Jakub Natanson (20 August 1832 – 14 September 1884) was a Polish Jewish chemist and banker, one of the discoverers of Fuchsine. He wrote the first textbook on organic chemistry in the Polish language.

== Life ==
He was born 20 August 1832 in Warsaw as the son of a banker. From 1852 to 1856 he studied chemistry at the Universität Dorpat (today Tartu, central Estonia) with a master's degree in 1856, where he synthesized fuchsine in the master's thesis (published in Liebigs Annalen). He then trained from 1858 to 1862 in Germany, France and Great Britain with leading chemists and in 1862 became Professor of Chemistry at the Szkoła Główna Warszawska in Warsaw. In 1856 he found two new urea syntheses.

He gave up his professorship in 1866 to join the family bank (Bank Handlowy, today after the merger citi-Handlowy.) He was in the management of various companies (with interests in coal mining, paper, sugar, railroad) and founded, among others, the industrial and agricultural museum (1875).

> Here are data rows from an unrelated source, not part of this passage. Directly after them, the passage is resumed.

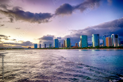 Naklejka premium Sunset at Waikiki Beach on Oahu Hawaii
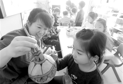 河北省張家口市宣化區(qū)趙川幼兒園從2016年開(kāi)始進(jìn)行課程改革,經(jīng)過(guò)三年多的探索、研究,改變了以“教師為中心”的慣性思維和注重知識(shí)傳授的傾向,如今自主游戲已經(jīng)成為該園的基本活動(dòng)形式。圖為教師在配合孩子完成葫蘆繪畫作品。宋強(qiáng) 張學(xué)軍 攝
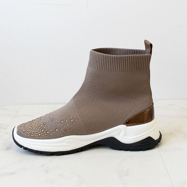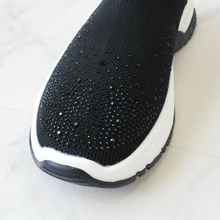 つま先に大小ビジューがあしらわれた華やかなニットブーツ。 柔らかく伸縮性があり足首をきれいに見せてくれるデザインと、ブーツながらも約340g程度と軽量な作りが特徴です。 カジュアルからきれいめなスタイル、スカートやパンツスタイルなど幅広い装いにマッチし、スニーカー感覚で快適に履いていただけます。
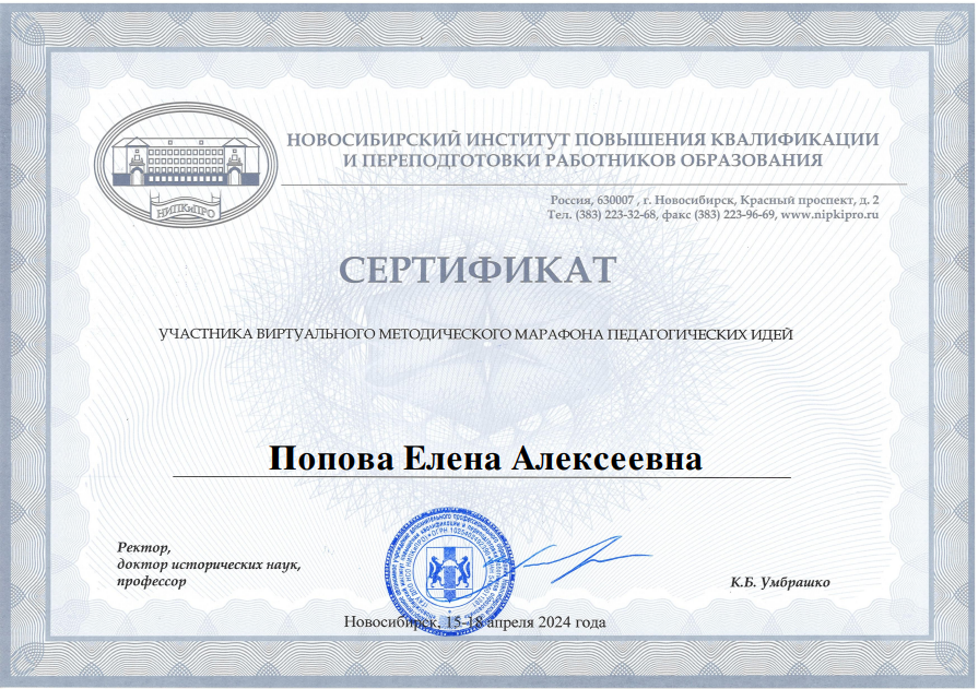 НИПКиПРО	Сертификат участника виртуального методического марафона педагогических идей
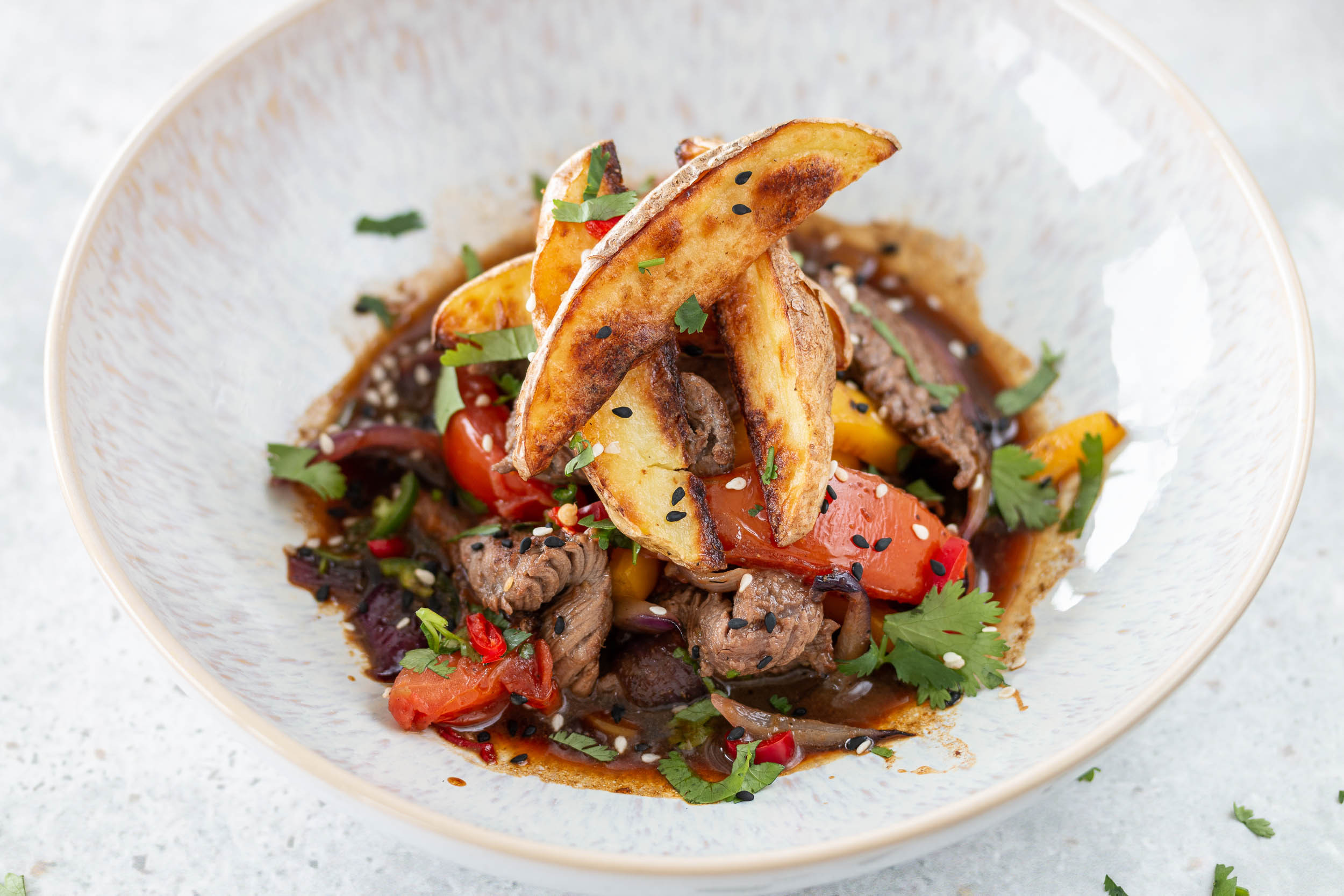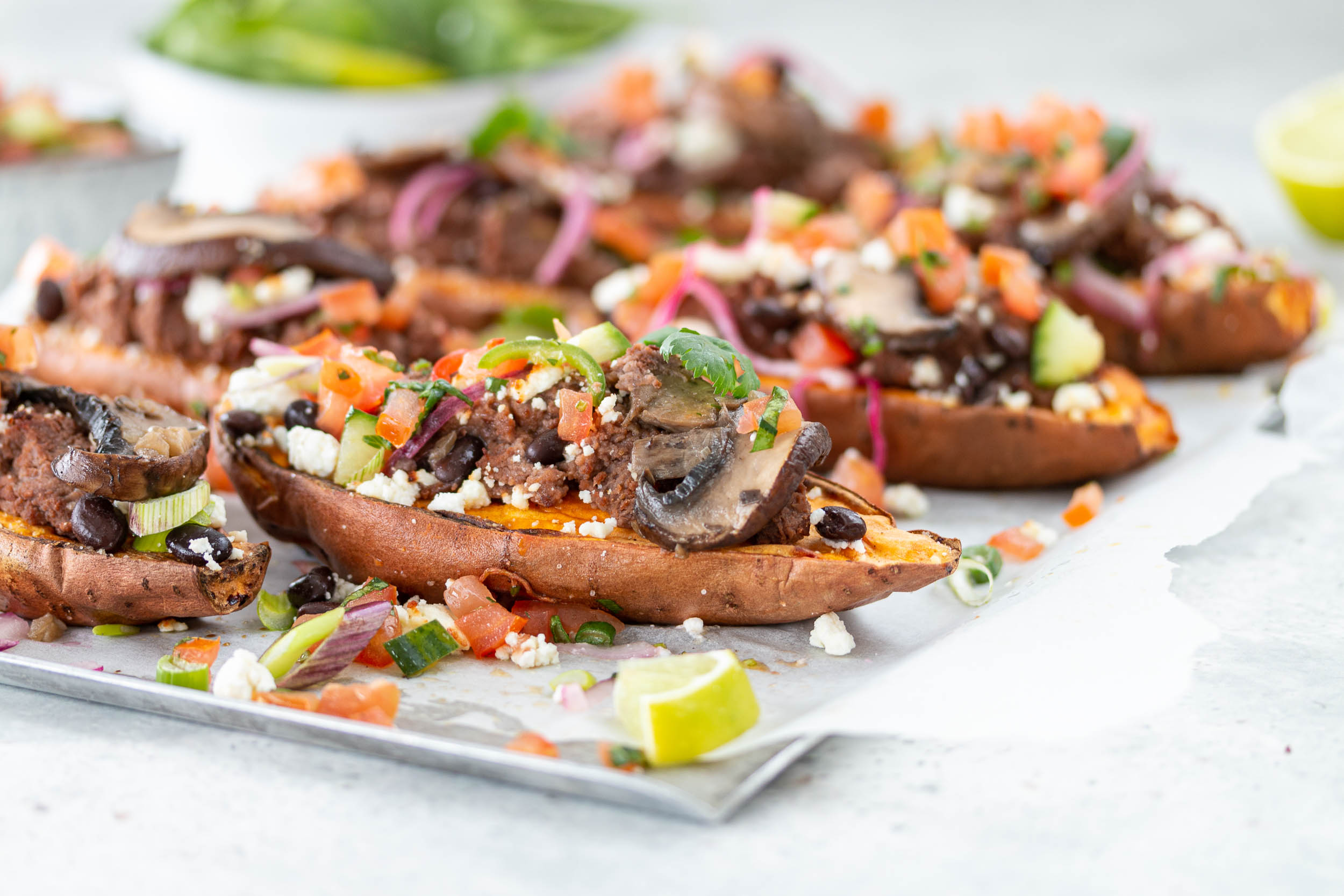 Süsskartoffel mit Bohnenmus und Portobello-Pilzen
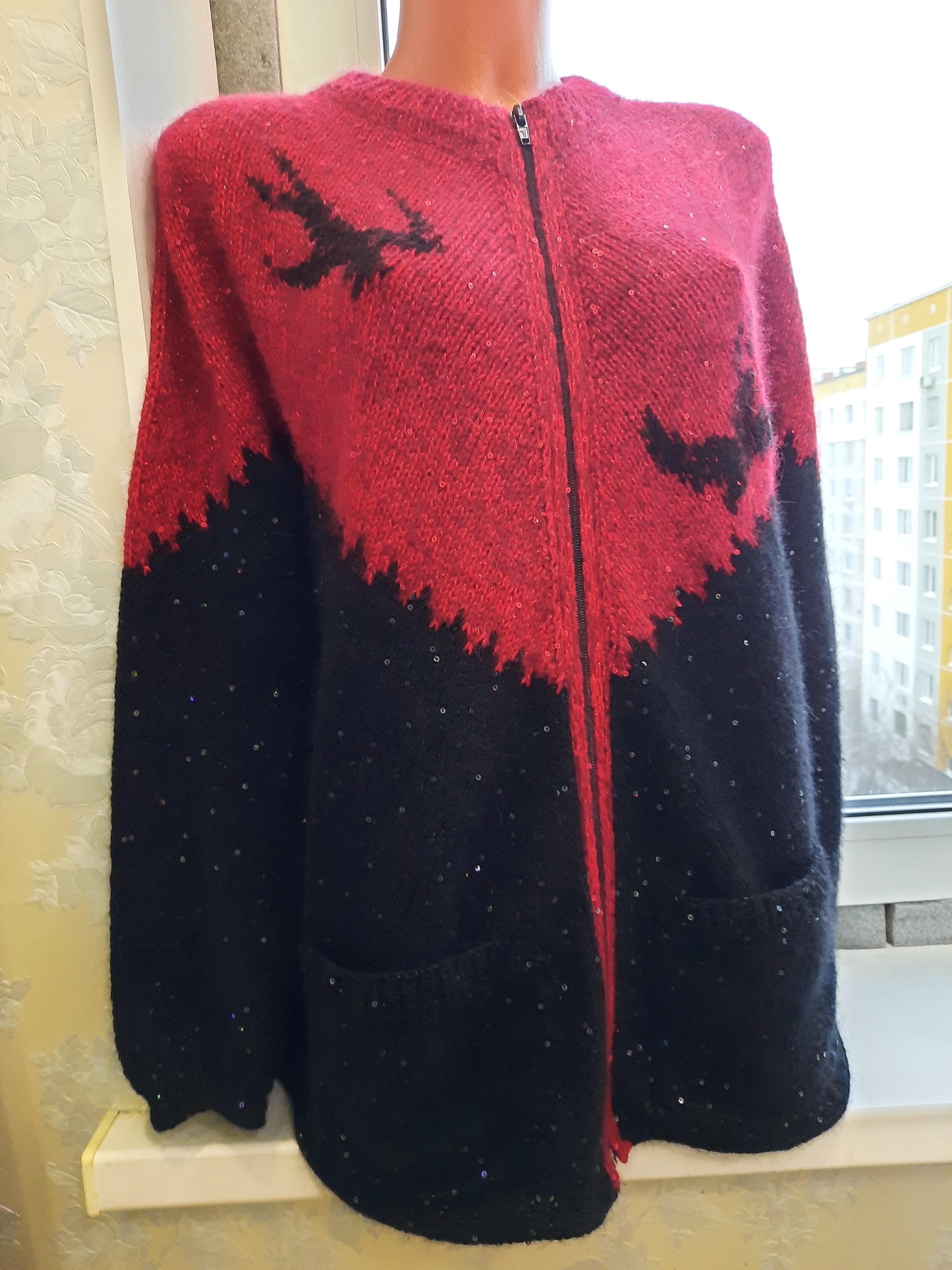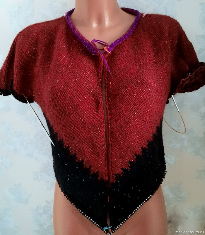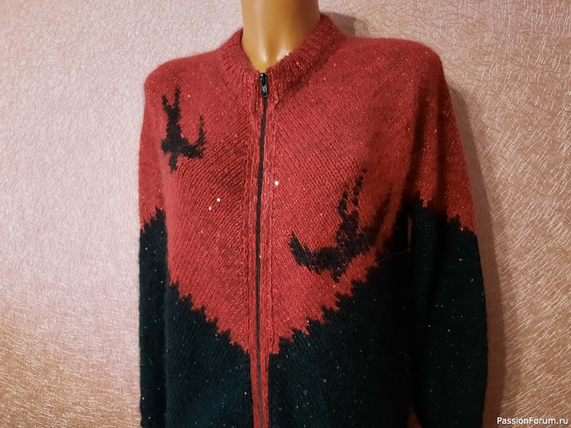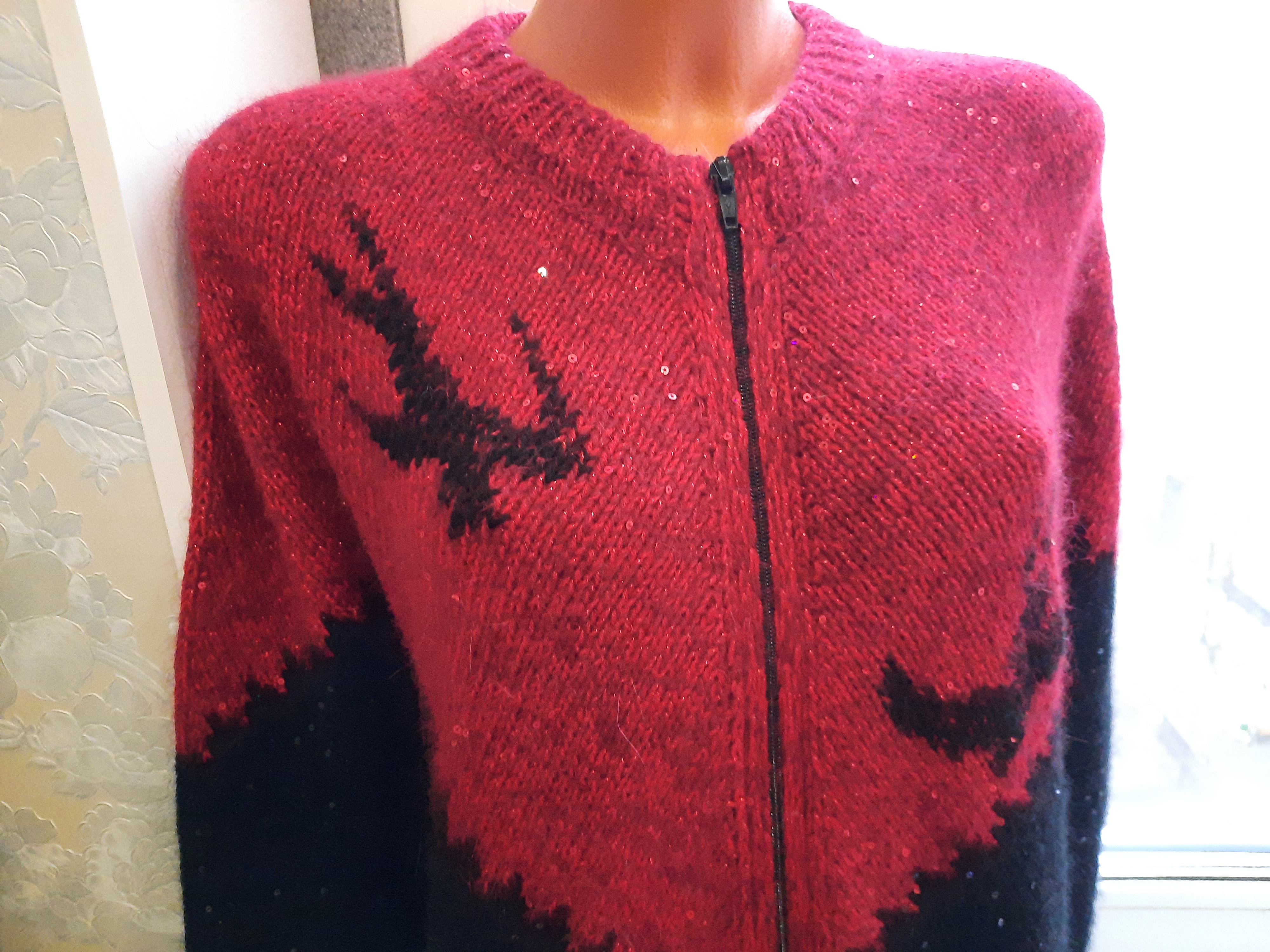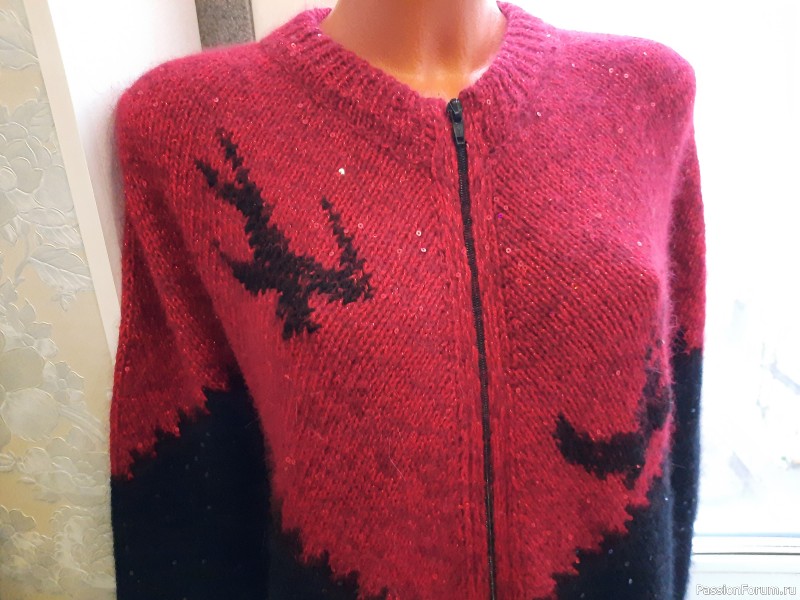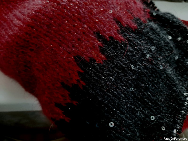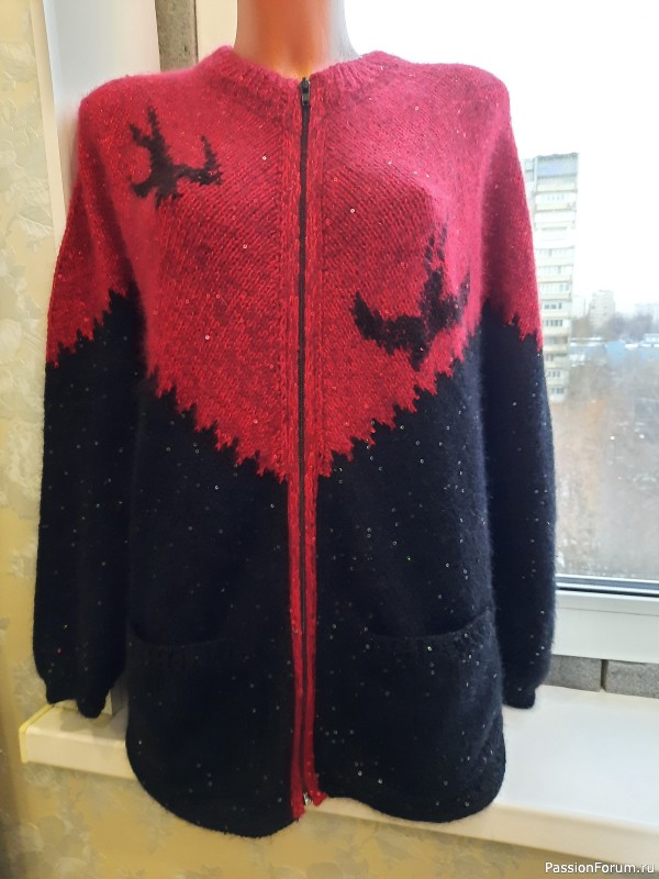 Доброе время суток всем! Когда много вяжешь, почти всегда остается пряжа 1-2 мотка и я периодически задумываюсь как ее применить. Конечно всегда легче что-то придумать когда пряжи много, а вот когда 1 или 2 мотка одного цвета и несколько другого и причем разного качества, вот нужно хорошо поразмышлять. Вот и на этот раз у меня был 1 красный и 2 черных моточка пряжи ALIZE с люрексом и пайетками и пух норки бордовый и черный. И я соединила. В результате получился не такой яркий блеск, полотно стало толще и мягче, и как результат - теплее. На такой пряже не нужен сложный узор, поэтому вязала чулочной вязкой и вышила по петлям ласточек на полочках. Вязала без швов, сверху вниз, регланом, когда петли делятся поровну на 4 части. И вот такой кардиган получился. Скоро можно будет надеть и обновить! Надеюсь у кого-то появятся новые идеи, как использовать остатки. Всем творческих успехов!

He died on 14 September 1884 in Warsaw and was buried in the Okopowa Street Jewish Cemetery.

== Literature ==
Professor Jakub Natanson is mentioned in several books:
- Jakub Natanson, by Edmund Trepka, 1955 (in English)
- Winfried R. Pötsch, Annelore Fischer, Wolfgang Müller: Lexikon bedeutender Chemiker (en: Lexicon of eminent chemists ) . Harri Deutsch, Frankfurt am Main/Thun 1989, ISBN 3-8171-1055-3
- The Polish Biographical dictionary, 1905
- Celia S. Heller, On the Edge of Destruction -Jews of Poland between the Two World Wars, ISBN 9780814324943 (p. 36)
- Henryk Kroszczor: Jewish Cemetery in Warsaw. Warsaw: Państwowe Wydawnictwo Naukowe, 1983, p. 20. ISBN 83-01-04304-0
- "Jakub Natanson." The Great Soviet Encyclopedia, 3rd Edition. 1970-1979. The Gale Group, Inc. 25 Nov. 2021

== Publications ==
- Ueber Substituirung der Aldehydradicale im Ammoniak. In: Annalen der Chemie und Pharmacie. 92, 1854, S. 48–59, .
- Ueber Acetylamin und seine Derivate In: Journal für praktische Chemie, 1856, S. 242
- Ueber die Anwendung einer Modification der Gay-Lussac'schen Dampfdichtenbestimmungsmethode bei Substanzen mit hohem Siedepunkt. In: Annalen der Chemie und Pharmacie. 98, 1856, S. 301–307, .
- Empfindlichste Reaction auf Eisen. In: Annalen der Chemie und Pharmacie 130, 1864, S. 246–246, .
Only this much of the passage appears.